The decision by the First District Court of Appeal in Tallahassee overruled state regulators and said that Magic City’s parent company, West Flagler Associates, is eligible to obtain a summer jai alai permit that could also open the door to expanded gambling.
Because of a loophole in state law, West Flagler is required to obtain the jai alai permit then operate a single jai alai game to be eligible for a poker room. After two years, it could become eligible for a slot machine license in Miami Dade County.
Isadore Havenick, West Flagler owner and vice president, said the company has an option to buy a piece of property in Florida City and, if the division grants the summer jai alai permit as expected, the company plans to build a poker room and jai alai fronton near Homestead there.
As for building a new casino, "we honestly haven’t thought that far in advance,’’ Havenick told the Herald/Times. "Now, it’s a poker room and a jai alai fronton and, hopefully, we'll be allowed to build that if the division allows us."
West Flagler Associates received a summer jai alai permit in 2011 after the company’s attorney, John Lockwood, uncovered a never-used loophole in a 30-year-old pari-mutuel law. The law allows a summer permit to be awarded to the lowest-performing pari-mutuel in a county. Hialeah Park had the lowest racing handle of the county’s pari-mutuels in the 2011-2012 fiscal year but it declined the option for the permit, so West Flagler became the next one eligible.

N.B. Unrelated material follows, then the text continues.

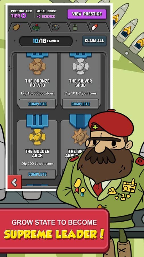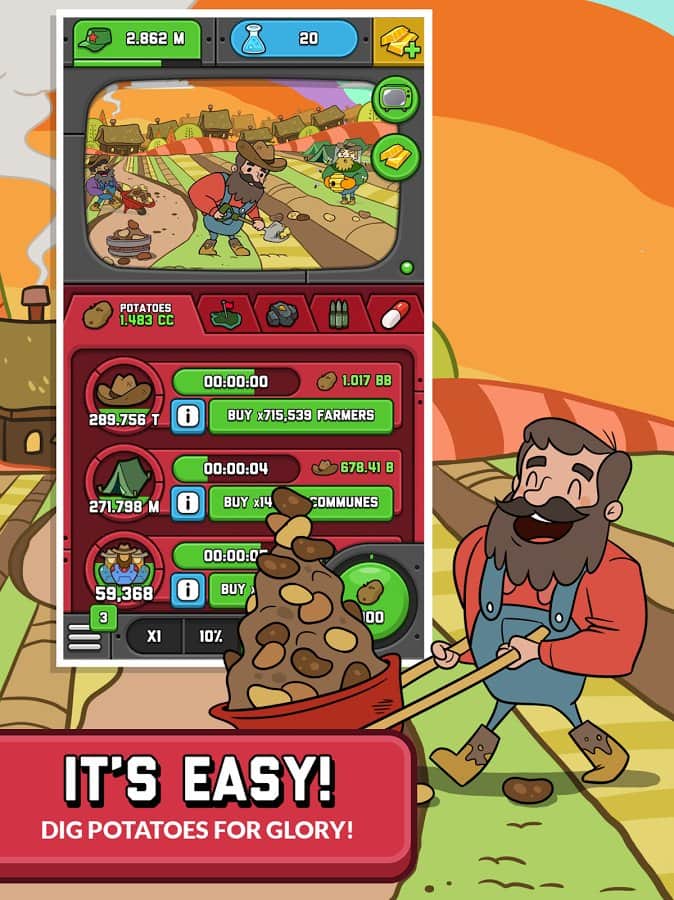 AdVenture Communist - динамичный кликкер в котором вам предстоит взять на себя роль правителя коммунистической державы, а главная валюта страны будет картофель, именно используя его вы и будете развивать страну. По мере накопления данного ресурса вы сможете открыть различные возможности, построить всевозможные постройки и прочее. В игре отличная графика и увлекательный геймплей, который привлечет всех поклонников жанра.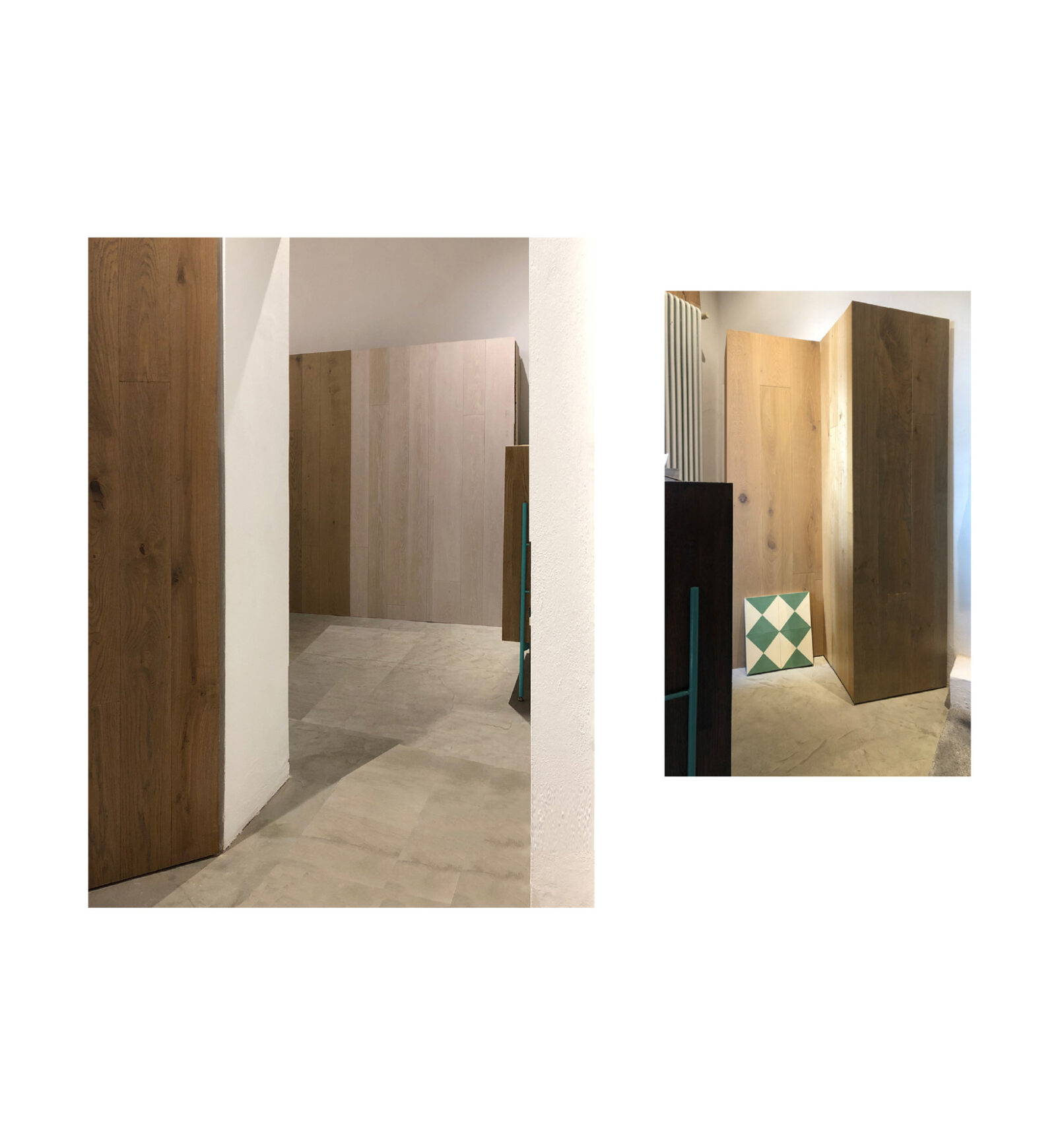 The retail spaces oscillate between the seriality of optical finishes and the artisanal luxury of custom-designed zigzag wooden screens, which serve both as storage units and material showcases for the showroom.

The company applied for a second permit in 2012, but the Department of Business and Professional Regulation ruled that company was eligible for only one permit every two years. West Flagler Associates said the law was intended to be a rolling two-year period and the same rule should apply in 2012 as applied in 2011. The DCA upheld that argument. Download DCA reversal of Flagler denial
"The statute plainly provides that the permitholder with the lowest handle for ‘the 2 consecutive years next prior to filing an application’ may apply for a summer jai alai permit, and, if it declines to do so, a ‘new permit’ is made available," Judge Scott Makar wrote in the 3-0 ruling. DCA Judges Brad Thomas and Simone Marstiller concurred.

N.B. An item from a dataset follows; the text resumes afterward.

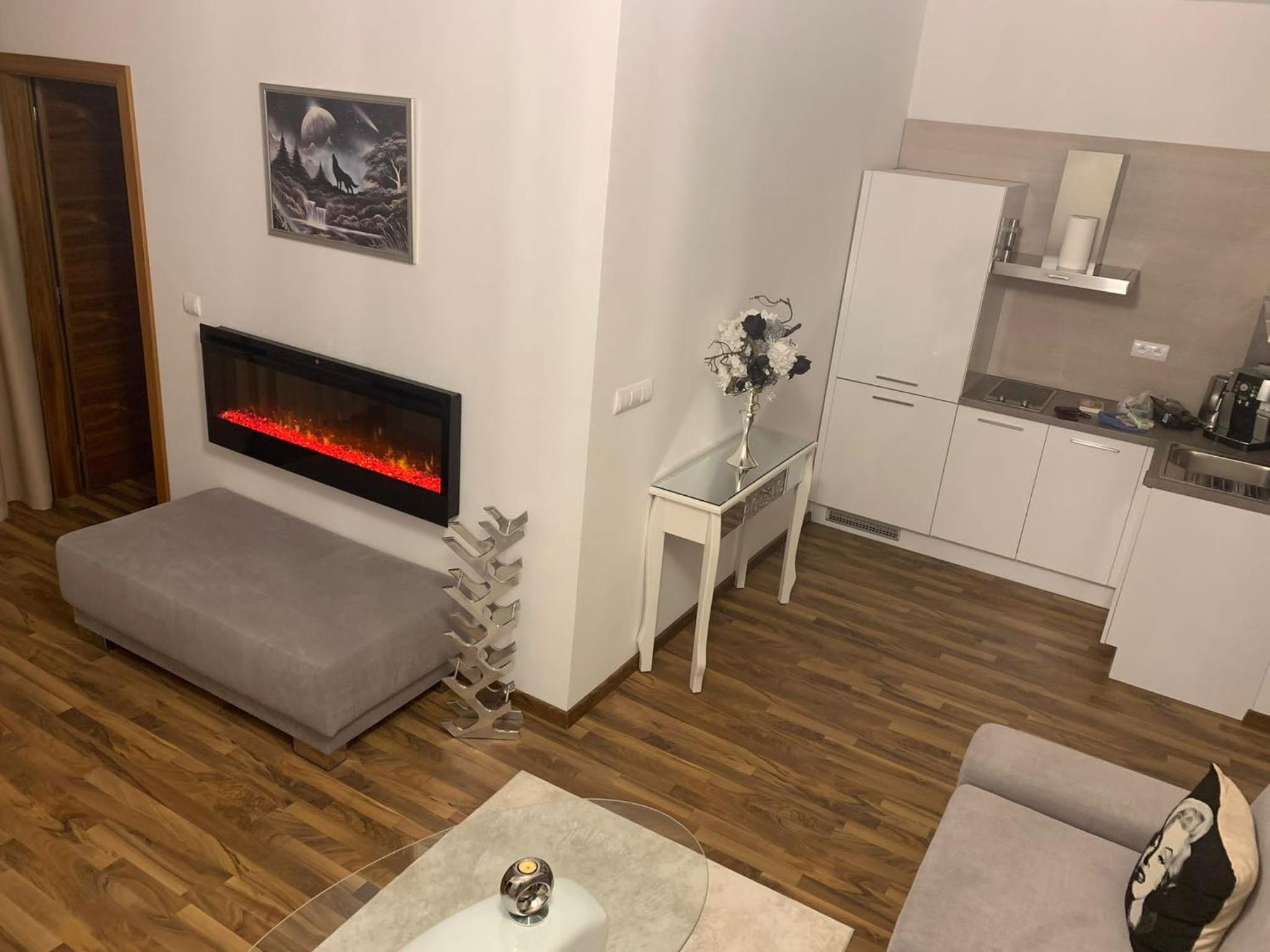 Nagyszerű apartman, tágas, kényelmes. Esetleg egy konyhaasztal két székkel jó lett volna.

The permit comes loaded with advantages that legislators never imagined in 1980, when the law was written. It opens the door for a jai-alai fronton and poker room anywhere in Miami-Dade County. It also increases the odds of operating a new slot casino as a result of a a 2009 law that allowed Hialeah Park Racetrack to operate slots after Miami-Dade voters authorized them for three other pari-mutuels in the county.
The court said state regulators were concerned that this interpretation of the law "would lead to a proliferation of summer jai alai permits,’’ but, the court noted, it’s the Legislature’s job to close the loophole if it doesn’t like the way the law is written. "We cannot interpret the language of the existing statute to achieve this result," Makar wrote.
Florida’s loophole-laden gambling laws have allowed for the gradual proliferation of gambling expansion in recent years as creative lawyers for the industry have found convinced regulators and courts to permit new games.
Legislators discussed ways to close the loopholes and update the state’s gaming laws for the past year but, after spending $400,000 on a consultants study, legislators finished the session that ended May 2 without many any changes to the state’s pari-mutuel laws.